Design and construction
- Architects: P&T

Other information
- Number of rooms: 585

Website
- http://www.jinlinghotel.com/English/index.aspx

= Jinling Hotel =

Hotel in Nanjing, Jiangsu, China

Jinling Hotel Nanjing (金陵饭店 (金陵飯店, Jīnlíng Fàndiàn)) is a hotel in Nanjing, China, located near the city's Xinjiekou district. "Jinling" is an old name for Nanjing which is often used to refer to the city in a poetic context. The hotel was Nanjing's first modern hotel managed by Chinese and is still often regarded as the pre-eminent five-star hotel in Nanjing. Jinling Hotel was the highest building in China until 1985, while Baiyun Hotel in Guangzhou built earlier was taller if including its antenna.
The hotel also has nine restaurants of differing cuisine types. The Jinling Hotel Nanjing involves in many businesses such as chain fast food restaurants, travel agency services, car rental, communications, and advertising.

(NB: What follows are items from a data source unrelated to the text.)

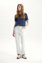 Состав: 70%Хлопок 28%ПЭ 2%ПУ Плотность: 11 OZ Параметры модели на первом фото: Рост 172, бюст 88, талия 64, бедра 88 Размер товара на первом фото: 42Джинсы-трубы выполнены из эластичного денима. Сверху изделия нанесено стойкое, но при этом мягкое металлизированное покрытие с декоративными потёртостями. Неравномерность серебряного покрытия придает особый шарм каждому изделию. За счет высокой посадки на талии и свободного силуэта, модель вытягивает силуэт, визуально стройнит и подходит для любой фигуры. Хорошо подойдут для праздничного выхода и внесут яркую изюминку в повседневный образ.
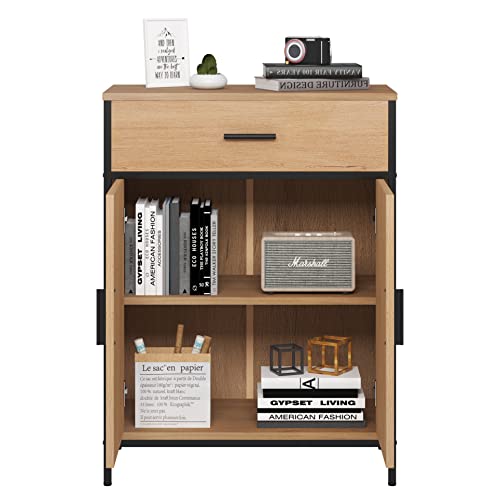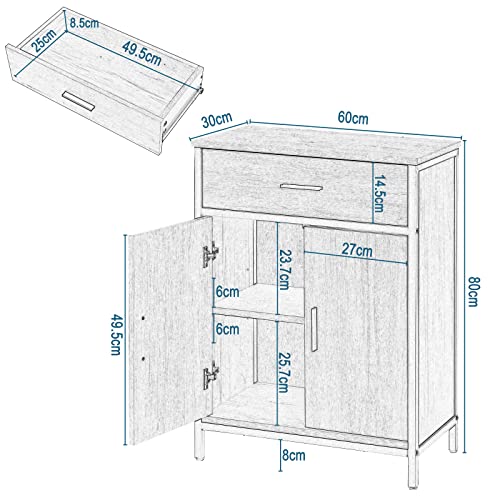 Mueble de Almacenaje Multifuncional: Con 1 cajón grande y 2 compartimentos detrás de las puertas, el armario de almacenaje es una solución ideal para cuarto de baño, pasillo, salón, cocina, etc.
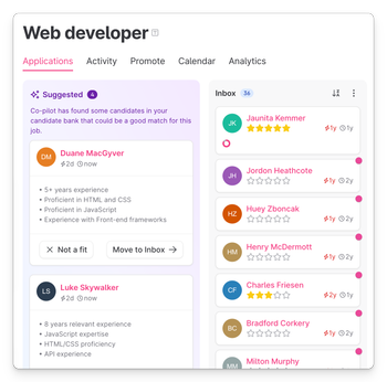 O nosso Co-piloto de IA pode sugerir candidatos com base nas suas competências, experiência e adequação à vaga — ajudando-te a encontrar a pessoa certa.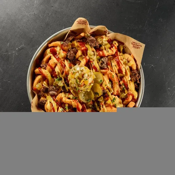 Generous portion of fries topped with chili con carne, cheese sauce, jalapenos, pico de gallo and sour cream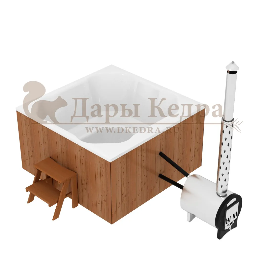 Финская квадратная композитная купель с подогревом (с внешней печкой) «кварта 200 хот 45 квт » Это уличная подогреваемая купель с квадратной внутренней чашей, которая изготовлена из современного прочного и термоустойчивого материала (композита). Форма чаши обеспечивает комфортную посадку во время принятия процедур. Для удобства пользования купель оборудована приставной лестницей. Подогрев воды осуществляется внешней печью с дымоходом. Композитная вставка придает купели красивый внешний вид, продлевает срок службы и облегчает уход за изделием. Парение на свежем воздухе – это отличный способ укрепить здоровье и поддержать организм в тонусе.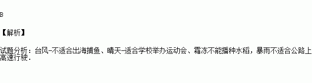 下列天气符号的判读与人们所进行的活动搭配均正确的是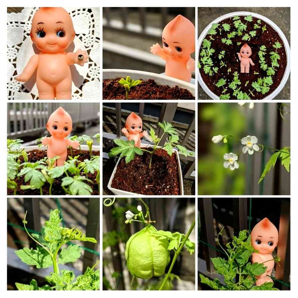💚エンジェルキューピー君の手のひらに乗せた昨年の種から始まります🌱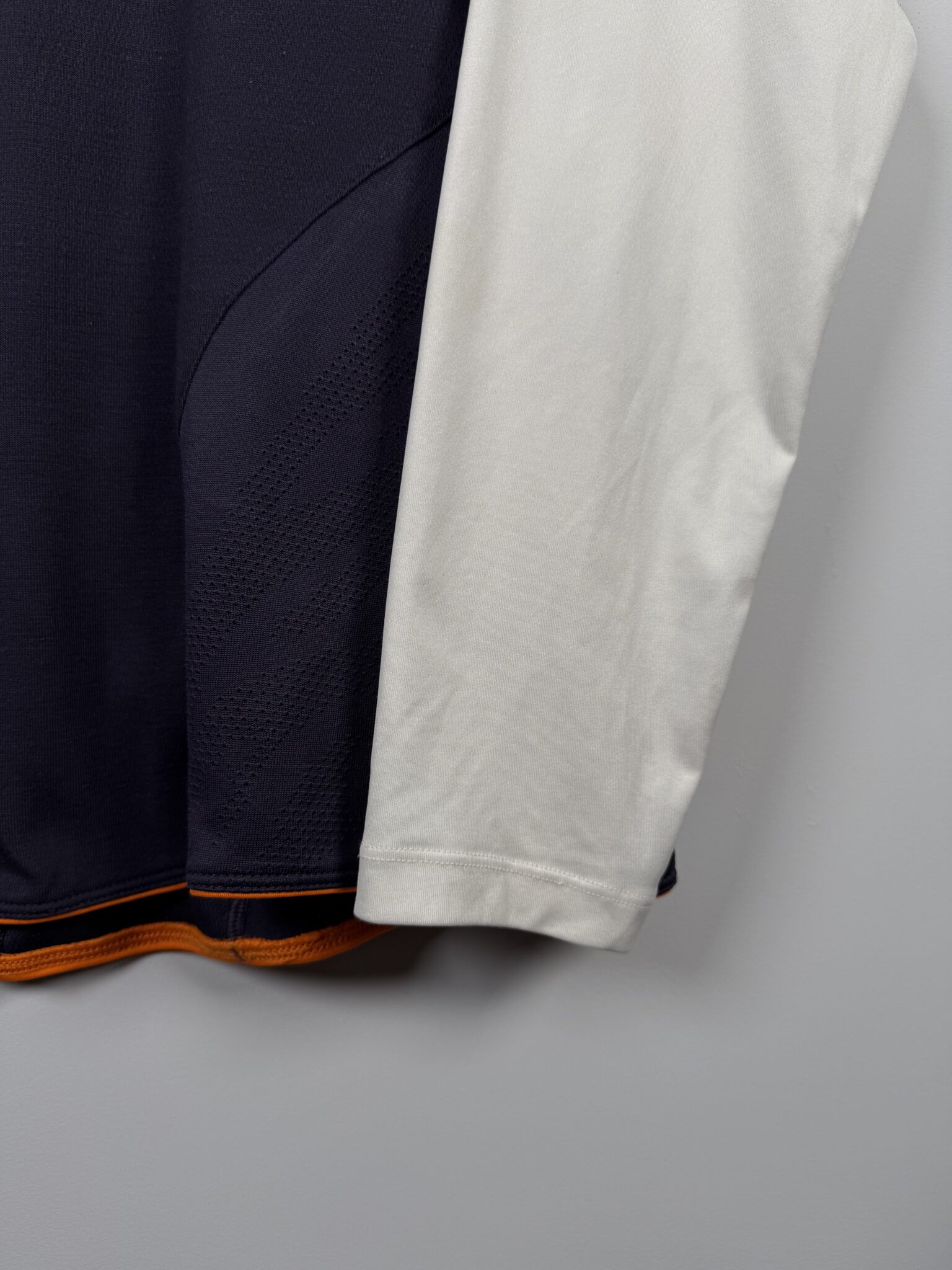 Ta oryginalna trzecia koszulka piłkarska Liverpoolu FC z sezonu 2012/13, wyprodukowana przez markę Warrior, to unikatowy model w wersji z długim rękawem, który rzadko trafia w ręce kolekcjonerów. Koszulka utrzymana jest w charakterystycznej, nowoczesnej stylistyce, z czarną bazą i szarymi elementami oraz wyróżniającymi się pomarańczowymi detalami, co czyni ją jedną z najbardziej nietypowych i odważnych propozycji w historii strojów Liverpoolu.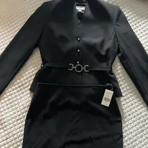 Discover sophistication with this elegant black women's suit by Tahari. Perfect for professional settings, this suit offers a sleek and polished look. The classic black color ensures versatility and timeless style.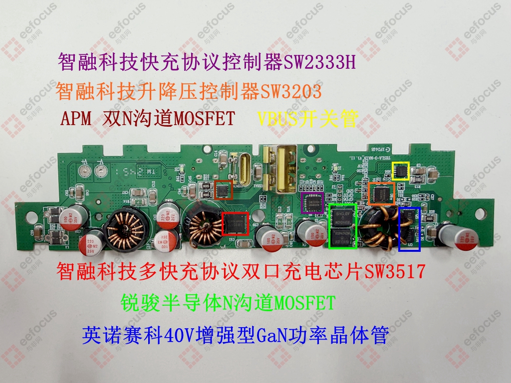 PCB板中间为智融科技的多快充协议双口充电芯片SW3517,可实现Type-C与Type-A双接口任意单口快速充电功能,并支持双口独立限流管理,并且芯片内部集成了5A高效率同步降压变换器,配合少量外围元件,即可构建一套高性能、多协议兼容的双口快充系统,具有高集成度与高性价比的显著优势。比如这个产品上,就和旁边的APM双N沟道MOSFET(AP10H03DF)配合实现充电方案。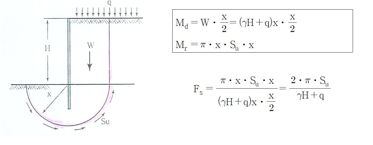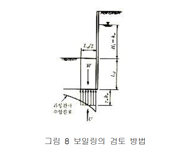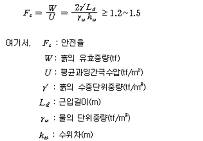 보일링을 검토하는 경우는 지하수위가 높은 사질토 일 때입니다. 보일링 검토는 Terzaghi에 의한 검토식을 사용합니다.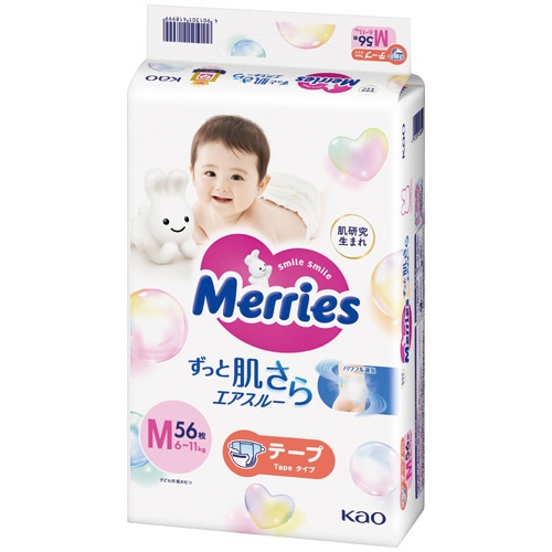 花王 メリーズ ずっと肌さらエアスルー テープタイプ Mサイズ 1パック(56枚)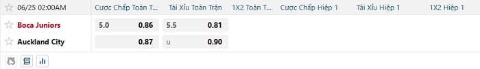 Bảng tỷ lệ kèo bóng đá Auckland City vs Boca Juniors

Jinling Hotel was designed by Palmer & Turner Group, P&T, an architectural firm in Hong Kong. P&T company designed Jinling Hotel's I, II, III phase building and Asia Pacific Tower.

== Overview ==

=== Location ===
Jinling Hotel is located on Hanzhong Road, Xinjiekou district, Jiangsu, China. Xinjiekou is located in the central of Nanjing and a famous commercial center with over 100 years of history. Jinling hotel is located on the northeastern part of Xinjiekou district.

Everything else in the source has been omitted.